Google Cloud Dataflow has the following characteristics:
2. Create a Google Cloud Dataflow project and set up the environment
First you need to create a Google Cloud project.
You need to install Google Cloud SDK to use Google Cloud Dataflow. Download the installation package and follow the prompts to complete the installation.

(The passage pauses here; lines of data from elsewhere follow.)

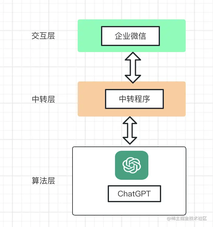 文章结尾说了教程只能适用于小规模使用,网上能找到的其他ChatGPT对接钉钉、飞书、自定义网页等等教程,原理都是一样的,写个中转程序,在ChatGPT和你用的交互工具之间中转一遍。是个简单的单体系统,逻辑看下图
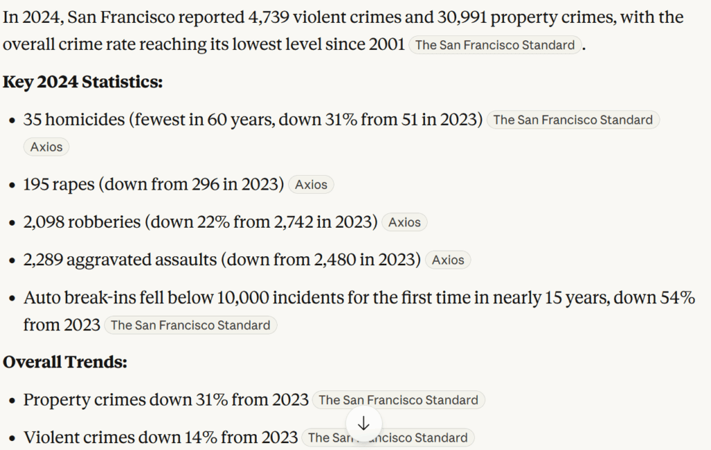 Over the past four years, Michael and I have visited probably 100 or 150 big cities, all around the world. If we broke them into quintiles, San Francisco would be in the top quintile, if that’s helpful for context.
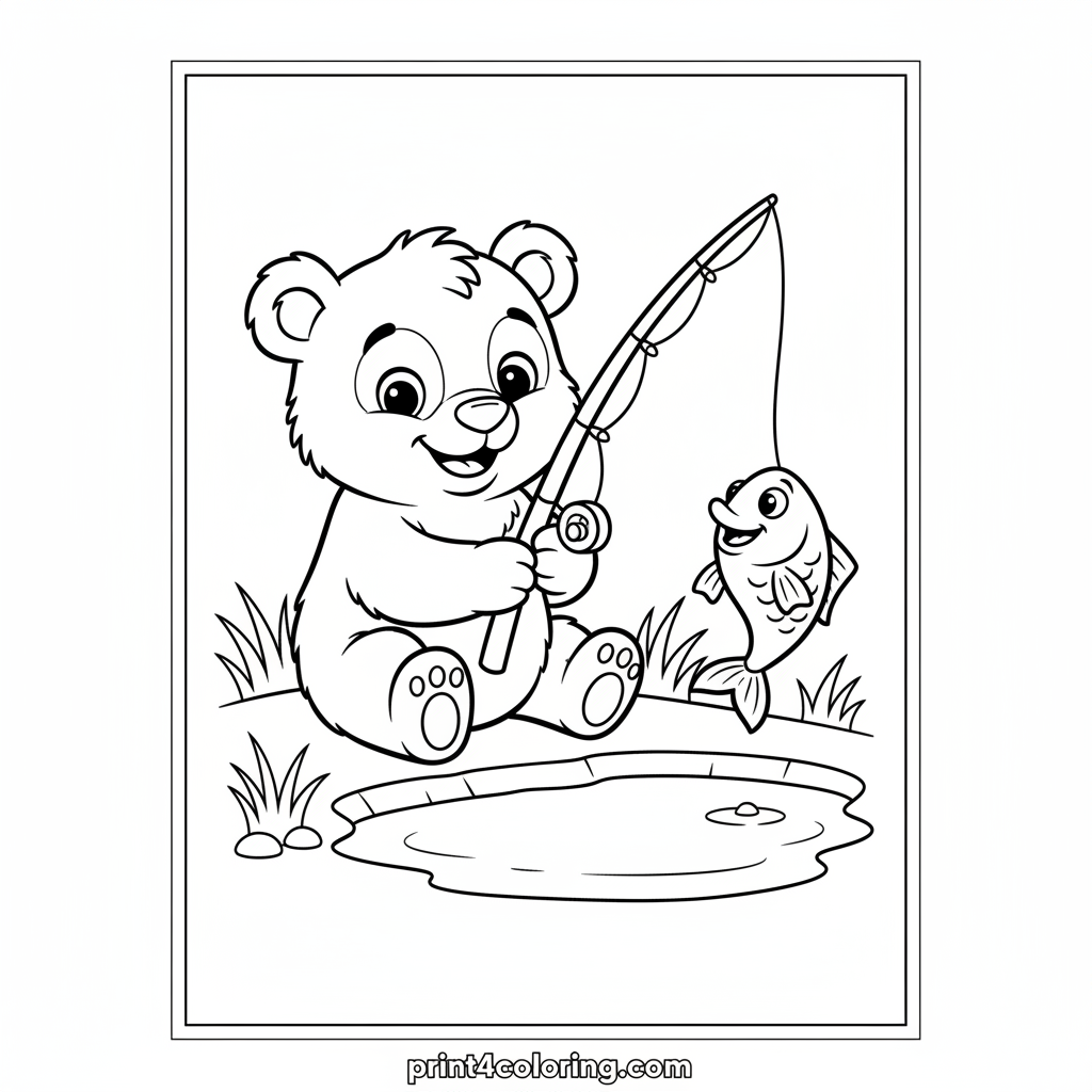 Join our adorable, fluffy bear cub on its first fishing adventure! With big, curious eyes and a happy smile, this little cub sits by a calm pond. It's holding a simple fishing rod, and a friendly, wiggling fish with a big smile is on the line! A heartwarming scene ready for your vibrant colors.

Use the following command to set the environment variables to the current Google Cloud project:
$ gcloud config set project [PROJECT_ID]
3. Install the necessary PHP extensions
In order to use the Dataflow service in PHP, you need to install the following extension:
Use the following command to install the gRPC extension:
$ pecl install grpc
Use the following command to install the Protobuf extension:
$ pecl install protobuf
Use the following command to install Dataflow PHP Extension:
$ pecl install google-cloud-dataflow-alpha
4. Write data flow processing code
The following is an example that can receive messages from the Pub/Sub topic and pass them to the Dataflow processing pipeline. After the processing is completed, the results will be Write to the BigQuery table:
<?php require __DIR__ . '/vendor/autoload.php'; use GoogleCloudBigQueryBigQueryClient; use GoogleCloudDataflowDataflowClient; use GoogleCloudDataflowPubSubPubSubOptions; use GoogleCloudPubSubPubSubClient; use GoogleCloudDataflowOptions; $configs = include __DIR__ . '/config.php'; $inputTopic = $configs['input_topic']; $outputTable = $configs['output_table']; $project = $configs['project_id']; $bucket = $configs['bucket']; $stagingLocation = $configs['staging_location']; $tempLocation = $configs['temp_location']; $jobName = 'test-job'; $options = [ 'project' => $project, 'stagingLocation' => $stagingLocation, 'tempLocation' => $tempLocation, 'jobName' => $jobName, ]; $pubsub = new PubSubClient([ 'projectId' => $project ]); $pubsub_topic = $pubsub->topic($inputTopic); $bigquery = new BigQueryClient([ 'projectId' => $project ]); $dataset = $bigquery->dataset('test_dataset'); $table = $dataset->table($outputTable); $table->create([ 'schema' => [ [ 'name' => 'id', 'type' => 'STRING', ], [ 'name' => 'timestamp', 'type' => 'TIMESTAMP', ], [ 'name' => 'message', 'type' => 'STRING', ], ], ]); $dataflow = new DataflowClient(); $pubsubOptions = PubSubOptions::fromArray([ 'topic' => sprintf('projects/%s/topics/%s', $project, $inputTopic), ]); $options = [ Options::PROJECT => $project, Options::STAGING_LOCATION => $stagingLocation, Options::TEMP_LOCATION => $tempLocation, Options::JOB_NAME => $jobName, ]; $job = $dataflow->createJob([ 'projectId' => $project, 'name' => $jobName, 'environment' => [ 'tempLocation' => sprintf('gs://%s/temp', $bucket), ], 'steps' => [ [ 'name' => 'Read messages from Pub/Sub', 'pubsubio' => (new GoogleCloudDataflowIoPubsubPubsubMessage()) ->expand($pubsubOptions) ->withAttributes(false) ->withIdAttribute('unique_id') ->withTimestampAttribute('publish_time') ], [ 'name' => 'Write messages to BigQuery', 'bigquery' => (new GoogleCloudDataflowIoBigQueryBigQueryWrite()) ->withJsonSchema(file_get_contents(__DIR__ . '/schema.json')) ->withTable($table->tableId()) ], ] ]); $operation = $job->run(); # Poll the operation until it is complete $operation->pollUntilComplete(); if (!$operation->isComplete()) { exit(1); } if ($operation->getError()) { print_r($operation->getError()); exit(1); } echo "Job has been launched";
5. Run the Dataflow processing pipeline
Use the following command to run the Dataflow processing pipeline:
$ php dataflow.php
6. Monitoring and management of the data processing pipeline
Google Cloud Console provides a Dataflow page that can be used to view and manage data processing pipelines.
7. Summary
This article introduces how to use PHP and Google Cloud Dataflow for stream data processing and management, from creating a Google Cloud project to setting up the environment, installing the necessary PHP extensions, and then writing Data flow processing code, running Dataflow processing pipeline, and monitoring and management of data processing pipelines introduce the process and steps of Dataflow in detail. I hope it will be helpful to everyone.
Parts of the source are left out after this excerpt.